Gastric-X: A Multimodal Multi-Phase Benchmark Dataset for Advancing Vision-Language Models in Gastric Cancer Analysis

arXiv cs.AI / 3/23/2026

📰 NewsIdeas & Deep AnalysisModels & Research

Key Points

  • Gastric-X introduces a large-scale multimodal benchmark dataset for gastric cancer analysis with 1.7K cases, including resting and dynamic CT scans, endoscopic images, biochemical indicators, diagnostic notes, and tumor bounding boxes to reflect realistic clinical workflows.
  • The benchmark evaluates five core tasks—Visual Question Answering, report generation, cross-modal retrieval, disease classification, and lesion localization—to simulate critical stages of clinical decision-making.
  • The study probes how current vision-language models correlate biochemical signals with spatial tumor features and textual reports, aiming to align AI reasoning with physicians’ cognitive processes.
  • Gastric-X is positioned as a resource to drive the development of next-generation medical VLMs and bridge research with real-world clinical practice.

Abstract

Recent vision-language models (VLMs) have shown strong generalization and multimodal reasoning abilities in natural domains. However, their application to medical diagnosis remains limited by the lack of comprehensive and structured datasets that capture real clinical workflows. To advance the development of VLMs for clinical applications, particularly in gastric cancer, we introduce Gastric-X, a large-scale multimodal benchmark for gastric cancer analysis providing 1.7K cases. Each case in Gastric-X includes paired resting and dynamic CT scans, endoscopic image, a set of structured biochemical indicators, expert-authored diagnostic notes, and bounding box annotations of tumor regions, reflecting realistic clinical conditions. We systematically examine the capability of recent VLMs on five core tasks: Visual Question Answering (VQA), report generation, cross-modal retrieval, disease classification, and lesion localization.
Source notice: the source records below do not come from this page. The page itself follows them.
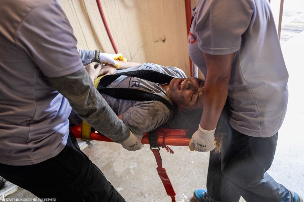İzmir Büyükşehir Belediyesi Eşrefpaşa Hastanesi ile Türkiye Acil Tıp Derneği, çoğu 6 Şubat Kahramanmaraş depremlerinde sahada görev yapan 20 kentten 60 acil tıp uzmanı ve 13 eğitmeni İzmir’de buluşturdu. Olası bir afette daha donanımlı olmak ve daha fazla can kurtarmak için düzenlenen yangın ve deprem tatbikatına katılan sağlık emekçileri zorlu hava şartlarına rağmen tatbikatı tamamladı. Katılımcıların büyük bir titizlikle gerçekleştirdiği tatbikat, gerçeğe yakın müdahale anlarıyla izleyenleri şaşkına çevirdi.
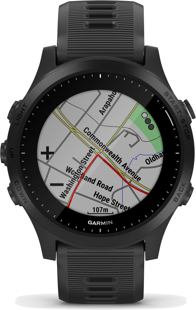 Der Forerunner 945 mag zwar ein Leichtgewicht sein, an Funktionen wurde jedoch nicht gespart. Das Gerät unterstützt den Satellitenempfang mehrerer Netzwerke (GPS, GLONASS und Galileo), um in schwierigen Umgebungen eine bessere Ortung zu bieten als bei ausschließlicher Verwendung von GPS. Außerdem bietet es die Herzfrequenzmessung am Handgelenk und einen Pulsoximetersensor am Handgelenk, der die Sauerstoffsättigung des Bluts für eine erweiterte Schlafüberwachung und die Höhenakklimatisierung misst.
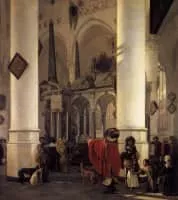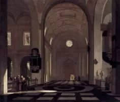 Emanuel de Witte was a Dutch perspective painter. In contrast to Pieter Jansz Saenredam, who emphasized architectural accuracy, De Witte was more concerned with the atmosphere of his interiors. Though few in number, de Witte also produced genre paintings.
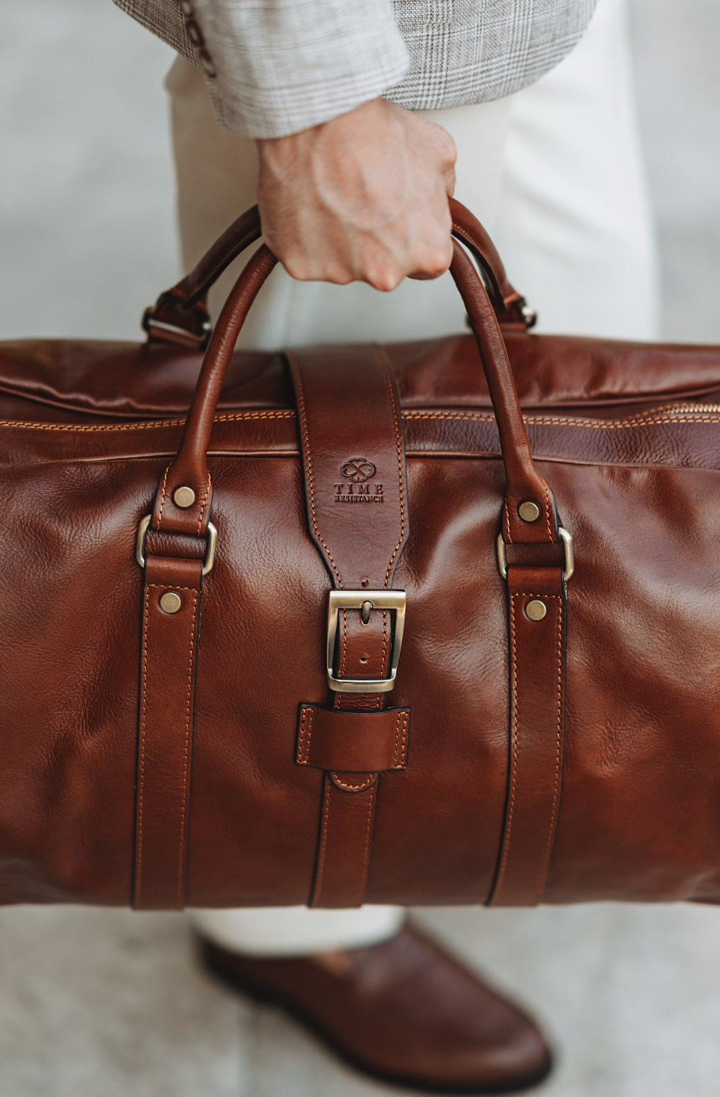 Time Resistance fertigt aus italienischem Vachetta-Vollnarbenleder, pflanzlich gegerbt und von Hand gefärbt. Mit der Zeit entsteht eine edle, unverwechselbare Patina.
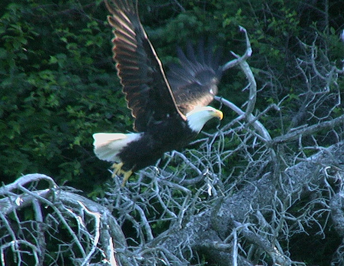 hohen Bäumen am Ufer. Er ist das Wappentier der USA. Seine Flügelspannweite
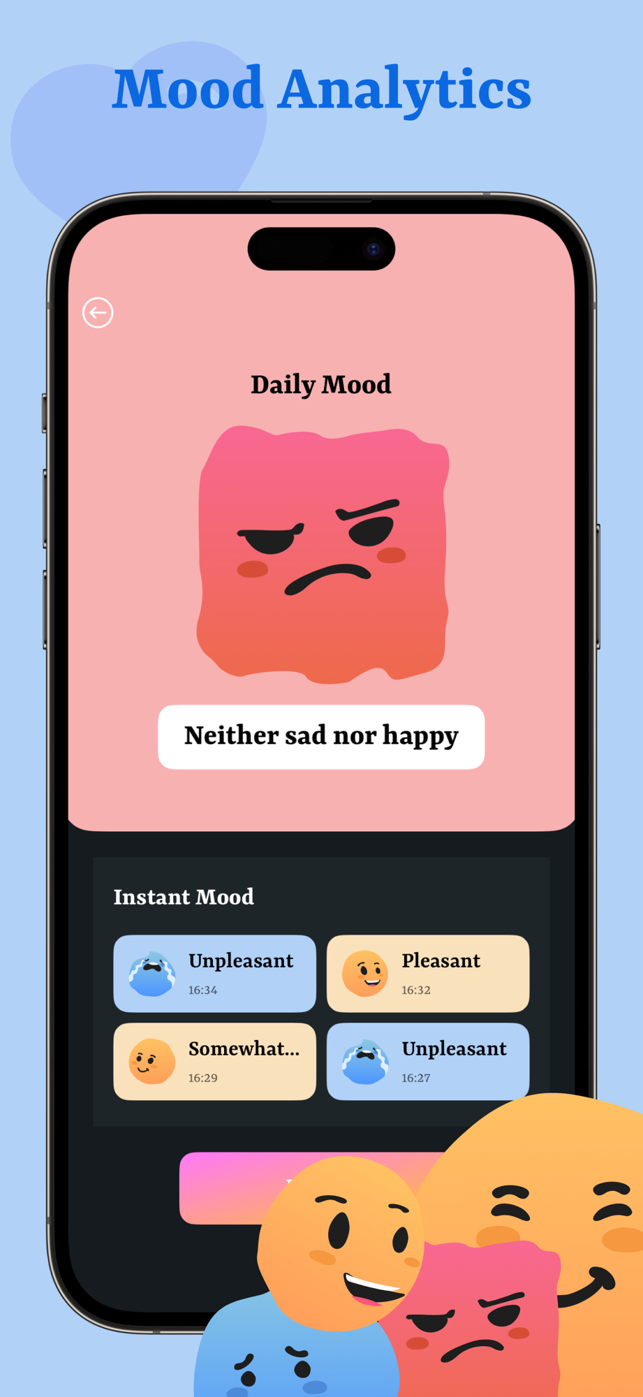 - Easy Mood Logging: Record your mood in just a few taps, with simple icons and custom labels.
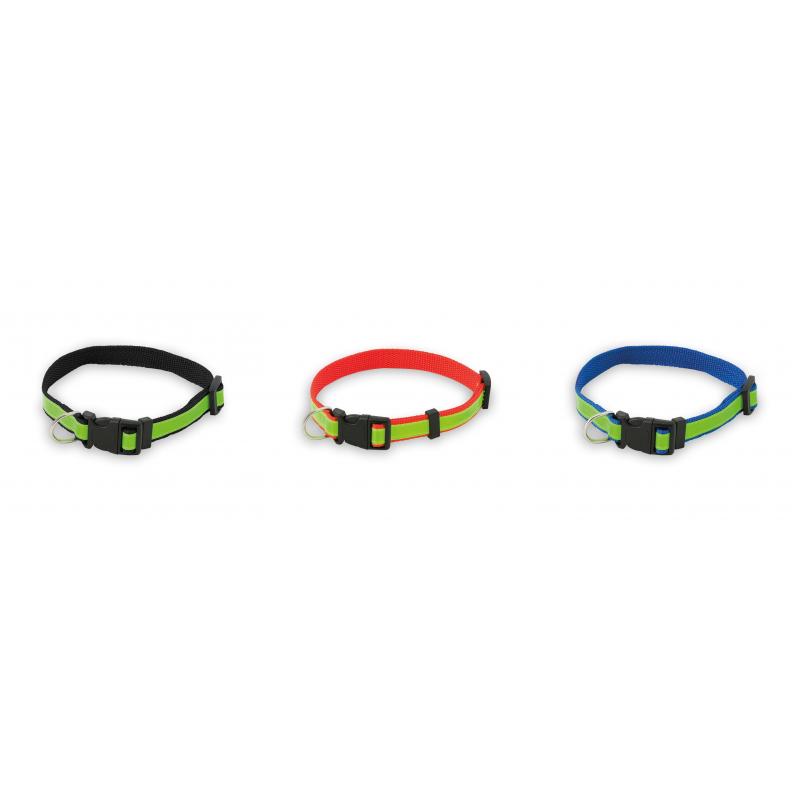 Collar reflectante para mascota en resistente y suave poliéster de vivos colores. Con cinta ajustable de cierre de clic y accesorio metálico para cinta de paseo.
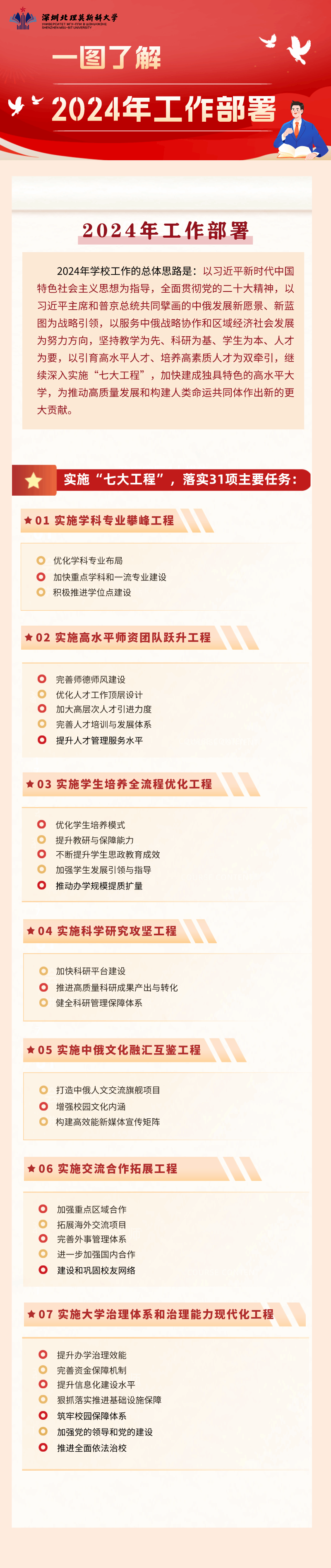 报告指出,2024年学校工作的总体思路是:以习近平新时代中国特色社会主义思想为指导,全面贯彻党的二十大精神,以习近平主席和普京总统共同擘画的中俄发展新愿景、新蓝图为战略引领,以服务中俄战略协作和区域经济社会发展为努力方向,坚持教学为先、科研为基、学生为本、人才为要,以引育高水平人才、培养高素质人才为双牵引,继续深入实施“七大工程”,加快建成独具特色的高水平大学,为推动高质量发展和构建人类命运共同体作出新的更大贡献。报告围绕实施学科专业攀峰工程、高水平师资团队跃升工程、学生培养全流程优化工程、科学研究攻坚工程、中俄文化融汇互鉴工程、交流合作拓展工程、大学治理体系和治理能力现代化工程“七大工程”31项任务进行详细部署。

These tasks simulate critical stages of clinical workflow, from visual understanding and reasoning to multimodal decision support. Through this evaluation, we aim not only to assess model performance but also to probe the nature of VLM understanding: Can current VLMs meaningfully correlate biochemical signals with spatial tumor features and textual reports? We envision Gastric-X as a step toward aligning machine intelligence with the cognitive and evidential reasoning processes of physicians, and as a resource to inspire the development of next-generation medical VLMs.